::: STORED DATA :::
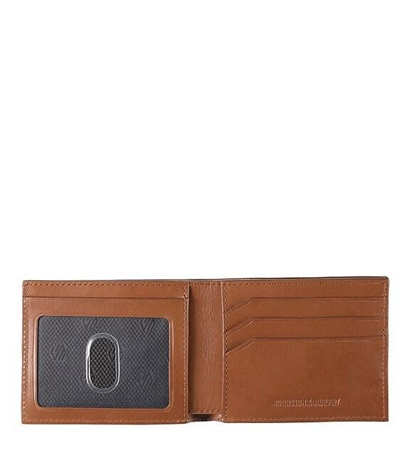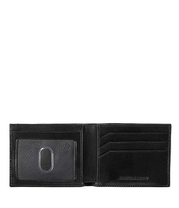 From Johnston & Murphy, the Hudson Billfold Wallet features: Full grain leather upper A slim profile An elegant leather dress wallet gets a little extra personality from its diagonal scored texture 3 card slots Thumb-slide ID window currency pocket RFID blocking shields sensitive data 10.5 x 8.2 x 2.5cm Imported
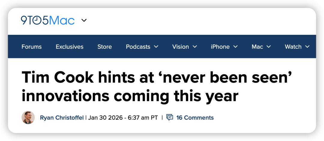 公司财务表现 - 当季营收为1438亿美元,同比增长16%,创下公司历史最高季度营收 [1] 公司战略与展望 - 公司表示当季度意义非凡,并将在未来一年内带来“前所未见”的创新,持续丰富用户生活 [1] - 公司展望未来几周和几个月,预计将推出“最佳作品” [1] - 近些年公司明显调整了保密政策,尤其在重大新品发布前,包括高管在内不会完全“守口如瓶” [2] 产品发布规划 - 公司预计将在今年发布超过20款硬件新品,涉及多个品类 [2] - 其中iPad、Mac和Apple Watch预计以常规升级为主 [2] - 传闻中可被称为“前所未见”的产品包括折叠屏iPhone和苹果智能眼镜 [2] - 结合过往高管言论模式,外界预测所谓的“最佳作品”很可能就是折叠屏iPhone [2] 折叠屏iPhone产品细节 - 产品可能命名为iPhone Ultra,采用内折设计 [2] - 配备7.8英寸外屏以及5.5英寸内屏 [2] - 完全折叠状态下机身厚度为9mm,比iPhone 17 Pro Max的8.75mm略厚 [2] - 预计将搭载采用台积电全新2nm工艺的A20 Pro芯片 [4] - A20 Pro芯片相比A19性能提升15%,能效提升30% [4] - 有望参考OPPO Find N5的内部设计,其核心铰链及精密部件已被采纳 [4] - 有望配备5500mAh左右的电池容量,可能是史上电池容量最大的iPhone [4] - 最快将在今年9月发布 [4]
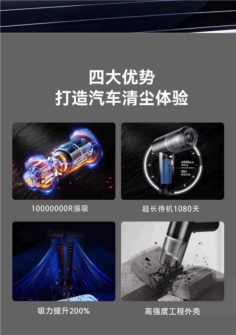 | Color classification | [flagship black] 9999000pa strong suction [320 minutes battery life brush_1 long suction nozzle_1 comes with filter element_*1],[flagship white] 9999000pa strong suction [320 minutes battery life brush_1 long suction nozzle_1 comes with filter element_*1],[black fast charging version] 10000000pa strong suction [560 minutes battery life brush_1 long nozzle_1 comes with filter element_1],[white fast charging version] 10000000pa strong suction [560 minutes battery life brush_1 long nozzle_1 comes with filter element_1] |
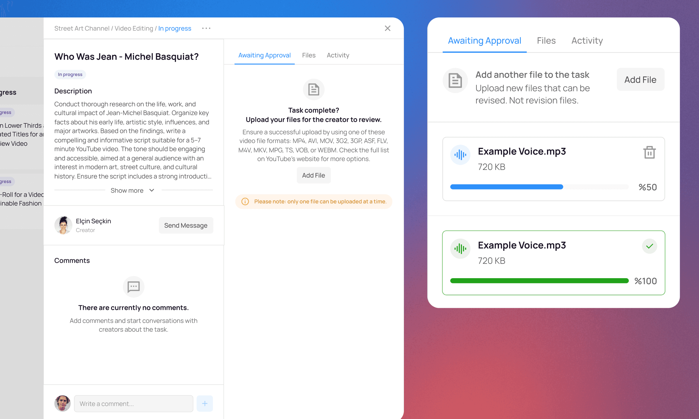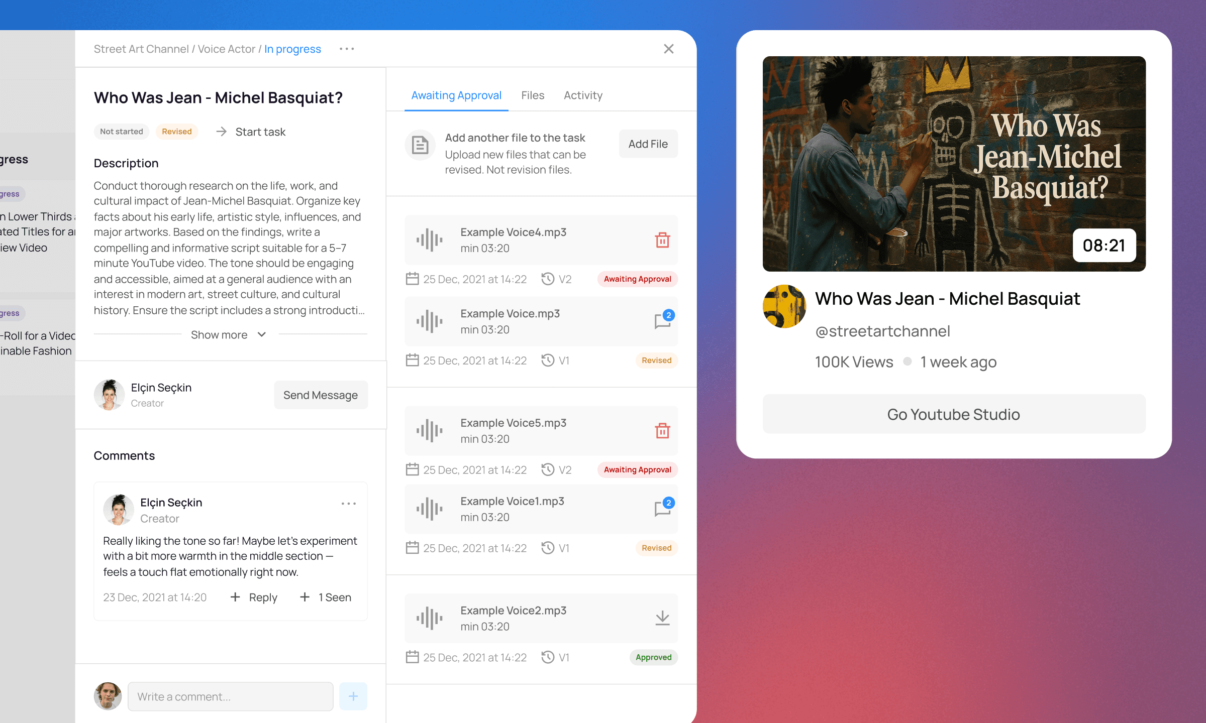 End-to-end workflow tools for managing your YouTube production process in one organized workspace.
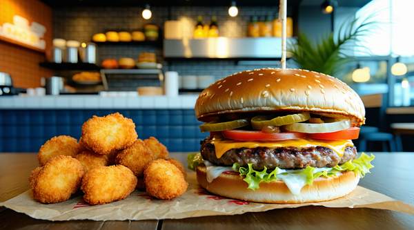 Nuggets de pollo en pan potato roll, queso cheddar americano, lechuga, salsa burga y patatas fritas.
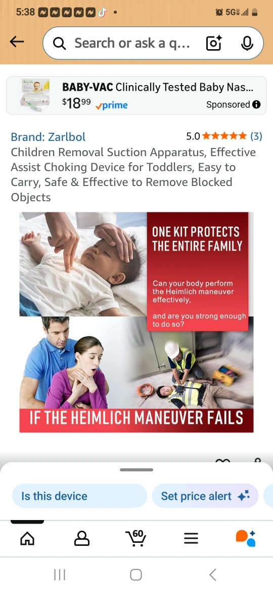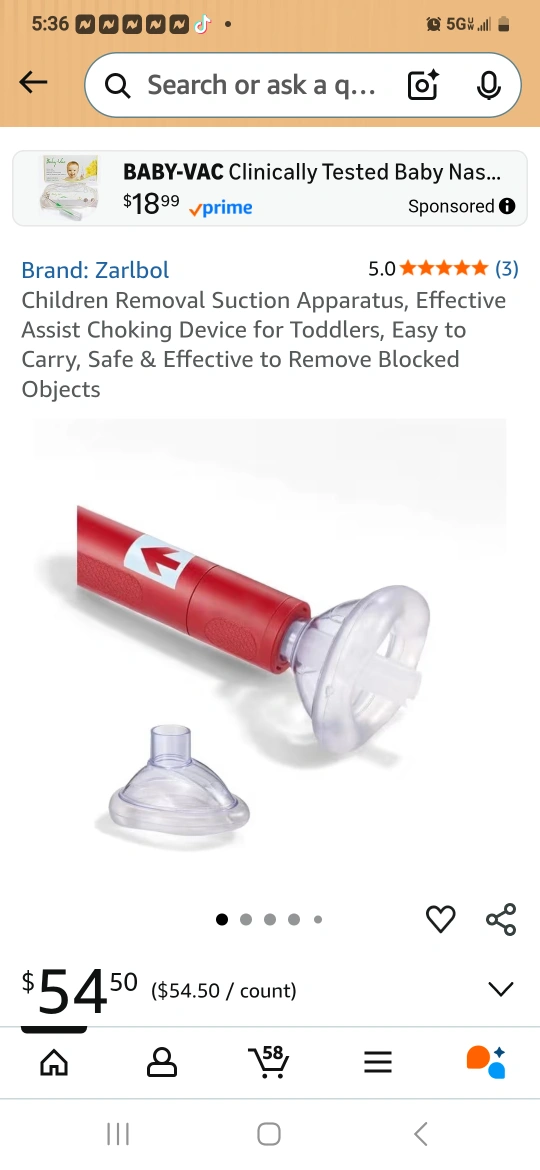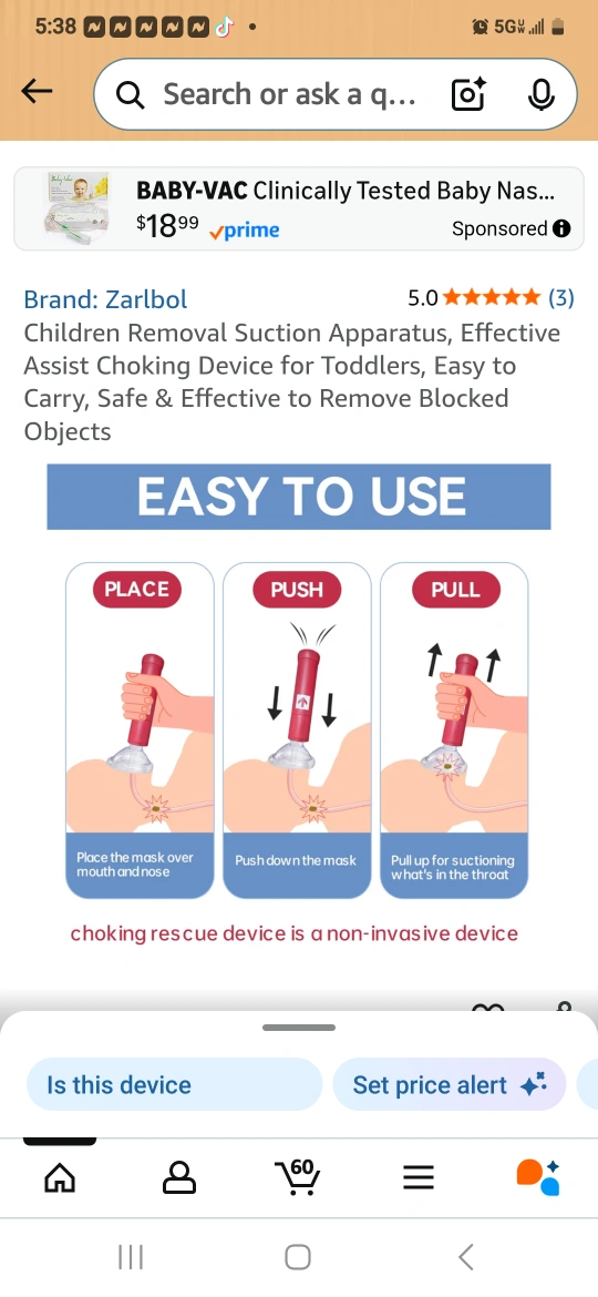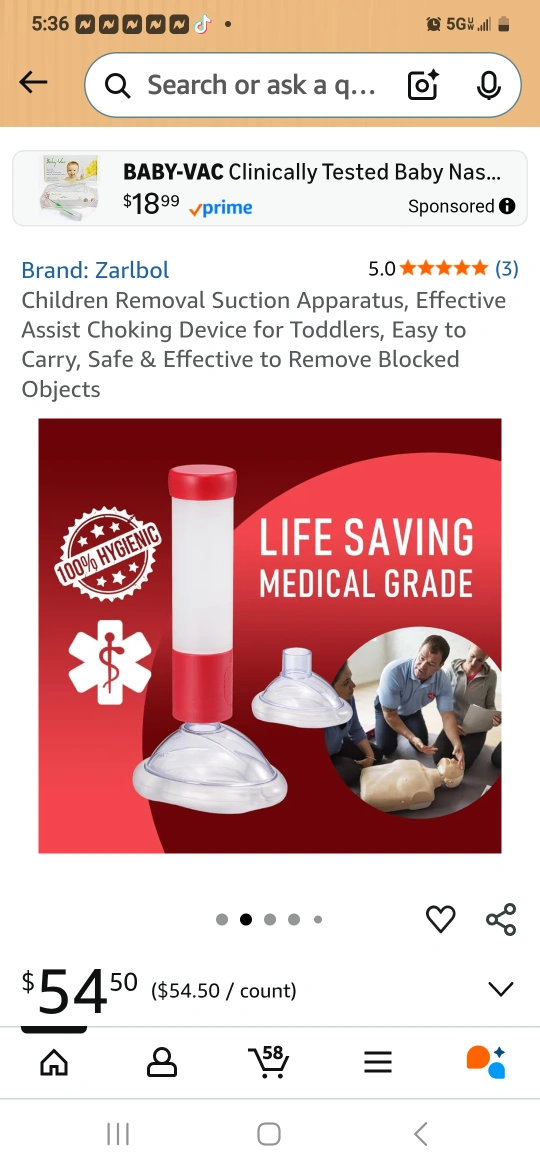 Selling a Zarlbol Baby-Vac Clinically Tested Baby Nasal/Choking Rescue Device for Toddlers. It's designed to assist with choking and remove blocked objects. It is easy to use and effective to clear clogs. One kit protects the entire family!
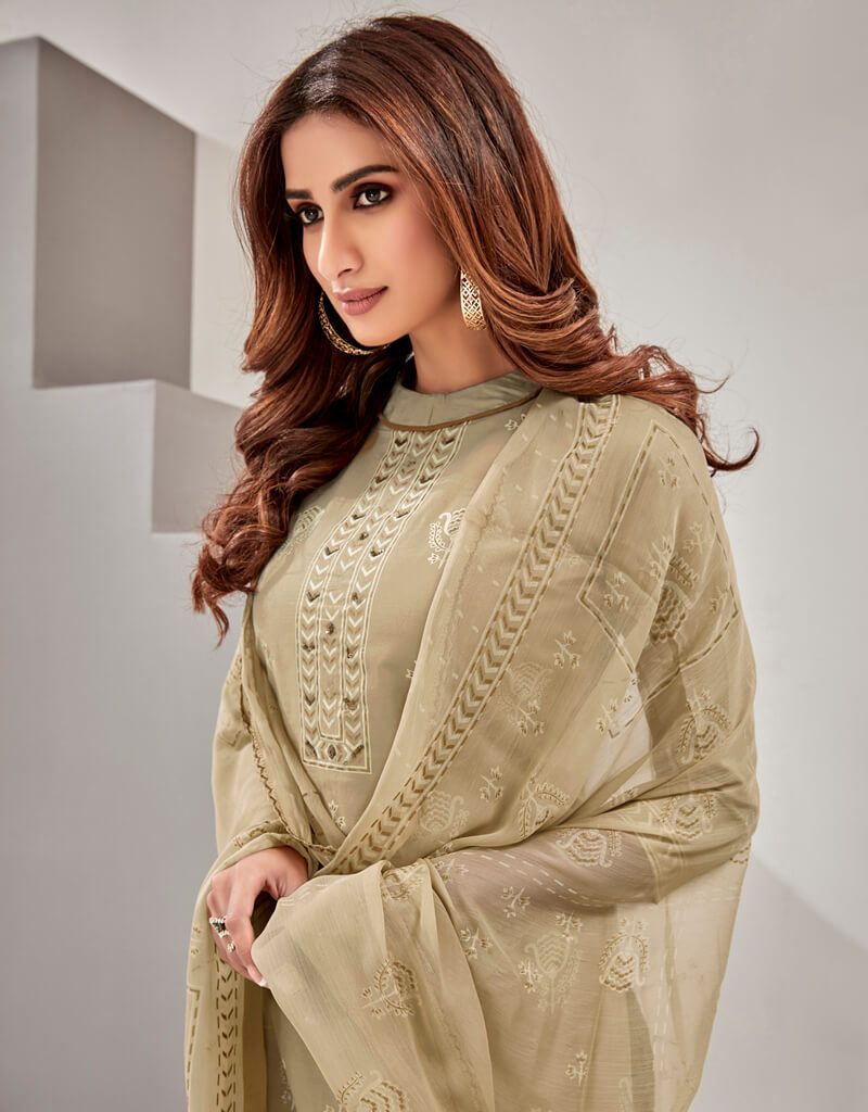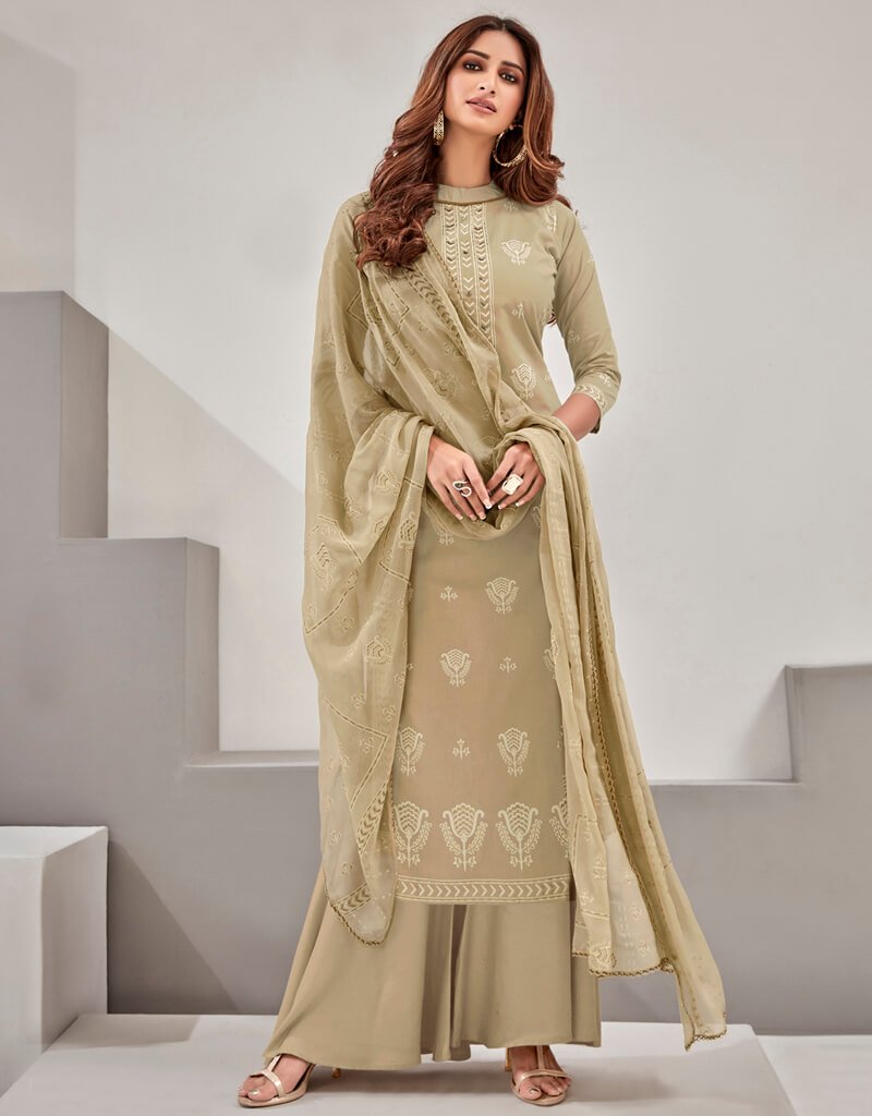 Beige Pure Lawn Cotton Palazzo Salwar Suits
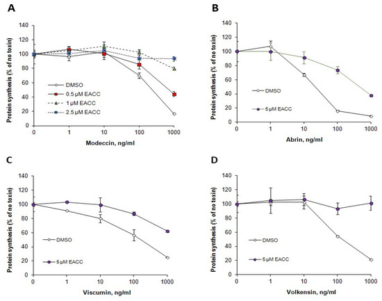 EACC protected against modeccin (A), abrin (B), viscumin (C), and volkensin (D). HEp-2 cells were treated with or without EACC for 2 h, and then incubated with the indicated concentrations of the various toxins for 3 h. The error bars show deviations between duplicates in a representative experiment. n = 3.
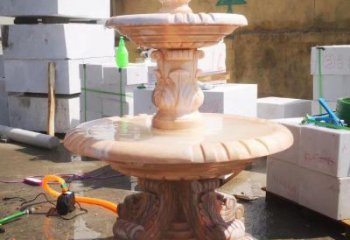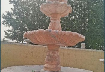 紅大理石石雕園林噴泉,展現絢爛晚霞
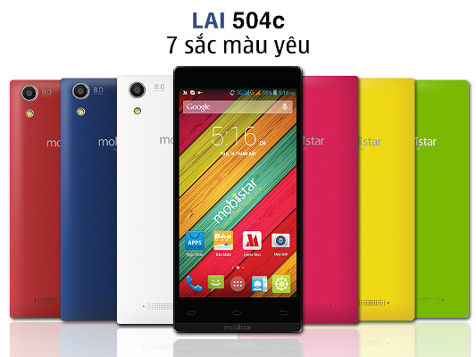 Sản phẩm gây chú ý nhất trong loạt sản phẩm lõi tứ giới thiệu đợt này là LAI 504c, đại diện tiếp theo của series sản phẩm theo chủ đề “Bảy Sắc Màu Yêu” mà Mobiistar đã lần lượt giới thiệu trong quý 3-2014.
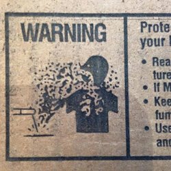 Ha bu arada, bu işaret, kaynak işlemi sırasında saçılan toksik gazlara karşı uyarıyor. Sol altta kaynak gösteriliyor.
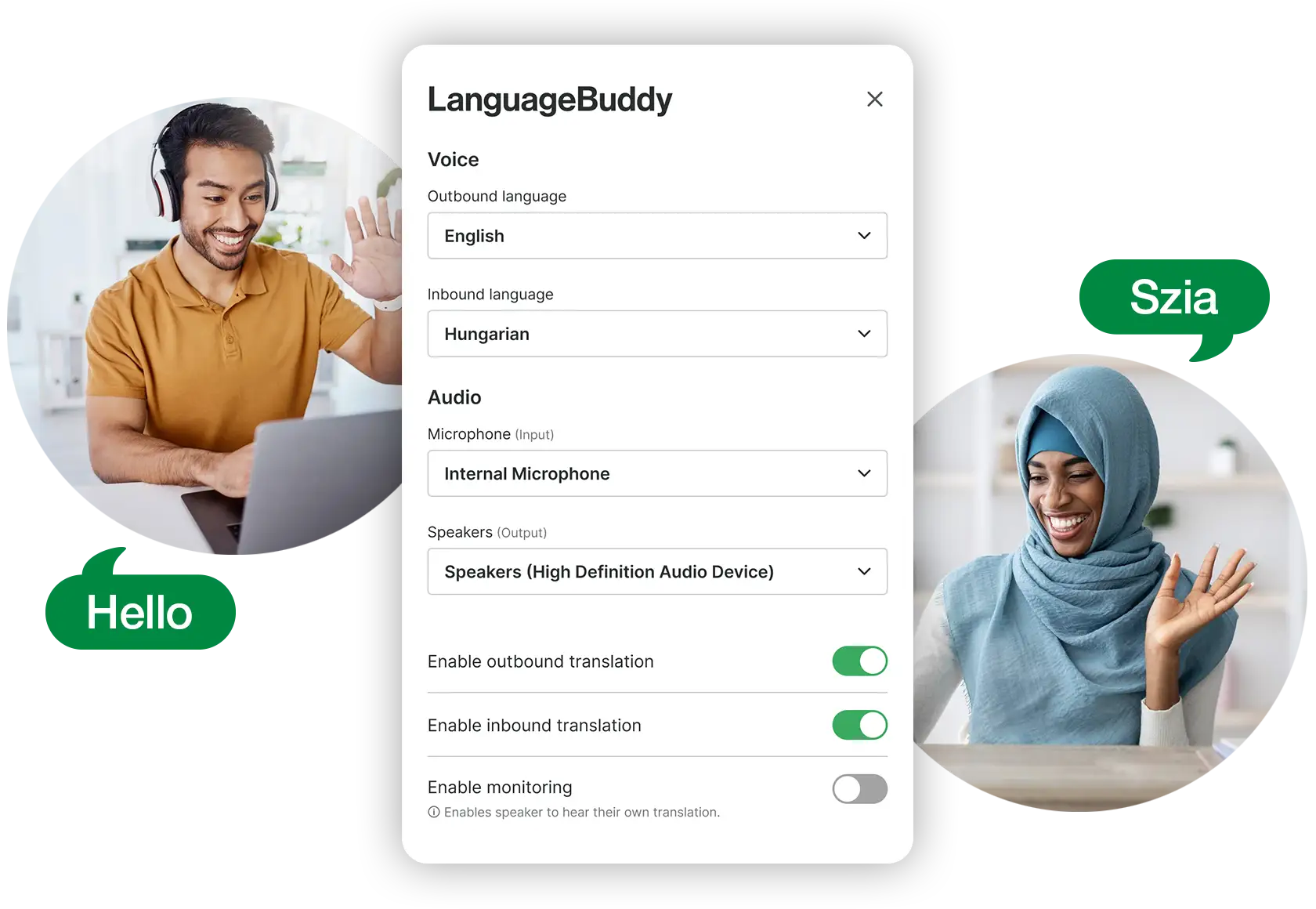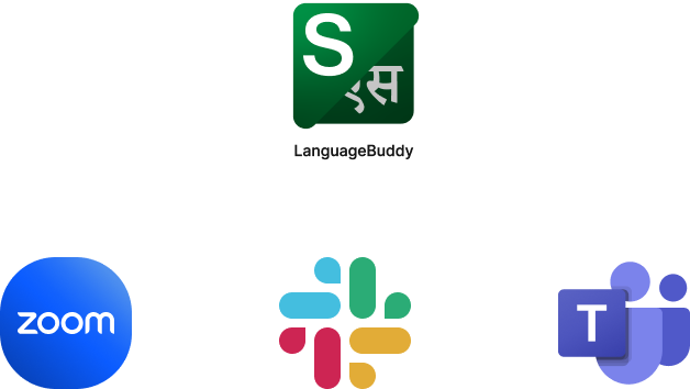 Install LanguageBuddy to your system tray to use it with any communication platform. Just select the LanguageBuddy microphone in your favorite meeting platform and you’ll have instant speech translation for many different languages. It works with Zoom, Slack, Microsoft Teams, Google Meet, and many more.
:::
◆ WHAT TO PRODUCE:
Give back exactly, and solely, the section of the data above bounded by the line containing "Nuggets de pollo" and the line containing "Ha bu arada, bu", both bounding lines included and pictures omitted.

◆ RESPONSE TO THIS TASK:
 Nuggets de pollo en pan potato roll, queso cheddar americano, lechuga, salsa burga y patatas fritas.
 Selling a Zarlbol Baby-Vac Clinically Tested Baby Nasal/Choking Rescue Device for Toddlers. It's designed to assist with choking and remove blocked objects. It is easy to use and effective to clear clogs. One kit protects the entire family!
 Beige Pure Lawn Cotton Palazzo Salwar Suits
 EACC protected against modeccin (A), abrin (B), viscumin (C), and volkensin (D). HEp-2 cells were treated with or without EACC for 2 h, and then incubated with the indicated concentrations of the various toxins for 3 h. The error bars show deviations between duplicates in a representative experiment. n = 3.
 紅大理石石雕園林噴泉,展現絢爛晚霞
 Sản phẩm gây chú ý nhất trong loạt sản phẩm lõi tứ giới thiệu đợt này là LAI 504c, đại diện tiếp theo của series sản phẩm theo chủ đề “Bảy Sắc Màu Yêu” mà Mobiistar đã lần lượt giới thiệu trong quý 3-2014.
 Ha bu arada, bu işaret, kaynak işlemi sırasında saçılan toksik gazlara karşı uyarıyor. Sol altta kaynak gösteriliyor.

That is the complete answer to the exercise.